"KILL THE INDIAN TO SAVE THE MAN

            During the constant Westward migration in America, the opportunity to "add souls to the rolls" of Christian religions was not to be lost at any cost – even death.  Of the more than 400 Indian Boarding schools, most were run by the government but at least 150 were run by Catholic or Protestant churches.  This was not Johnny Appleseed extolling the Native Tribes to accept Christianity and lay down their arms to live in a peaceful coexistence with their white saviors.  The Indian Schools all over North America. where young Native boys and girls were sent and forced to learn to be “whites,” were about the same as prisons with psychological and physical abuse resulting in trauma, pain, and sometimes, horrible death.  Such disclosures have been news for years, but are mostly ignored as quaint and superfluous data.

         All Indian schools were operated in a similar despotic way in the act of cultural cleansing to remove the vestiges of “Indian-ness" from the child.  For Native children and their families, it was a living Hell.  White authorities felt that such treatment would assist the assimilation of Native People into White society.  Instead, it attempted to force them to go where they did not want to go and were not welcome.  The outcome of the experiment with Forced Indian Education was a colossal failure.  Some children got educated in white thinking but at what cost to their culture and human rights?  Forced education was a monument to white cultural ignorance. 

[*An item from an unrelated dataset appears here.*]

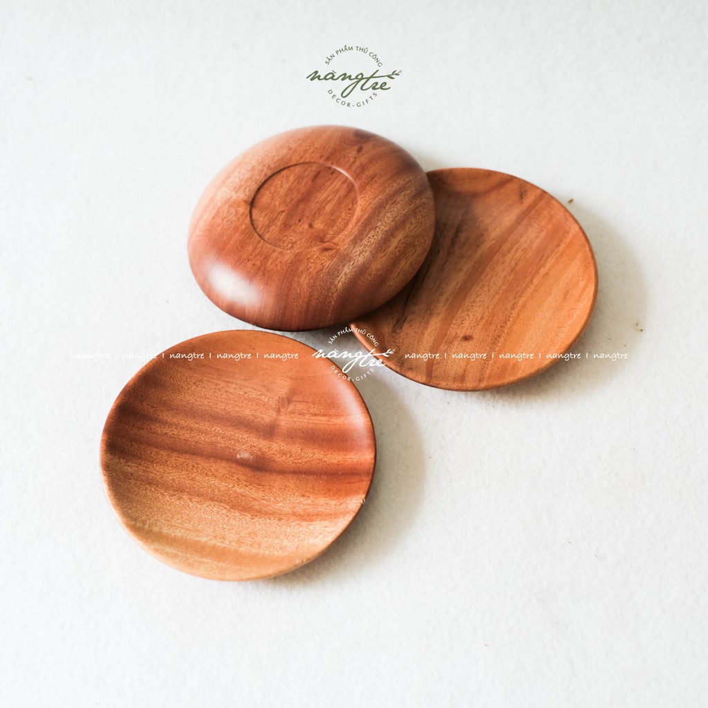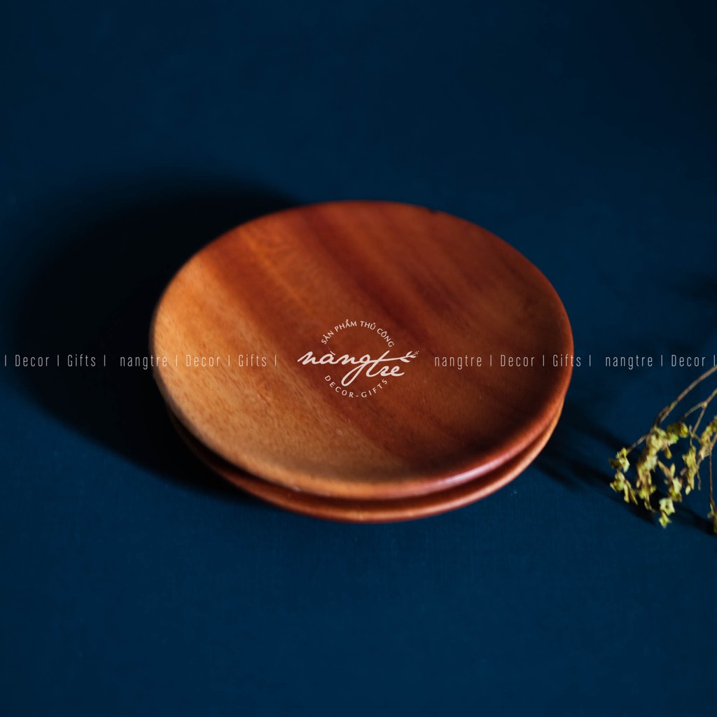 Dĩa tròn mini bằng gỗ tự nhiên nguyên khối

            The operators of the Indian Schools were guided by the an erroneous premise that debasement, disorientation, regimentation, and denial of their heritage would transform Native children into “White-thinking,” cooperative, but invisible, minions.  They thought the "What to do with the Indians" problem would go away.  It was only a problem because we made it a problem. and it did not go away.  Our problem was that we wanted the land and the resources for us and us alone.  We felt that if the land was not being used the way we thought it should, it must be ours by divine right or the right of conquest.   Whatever the reasoning, we took advantage of people we should have protected equally.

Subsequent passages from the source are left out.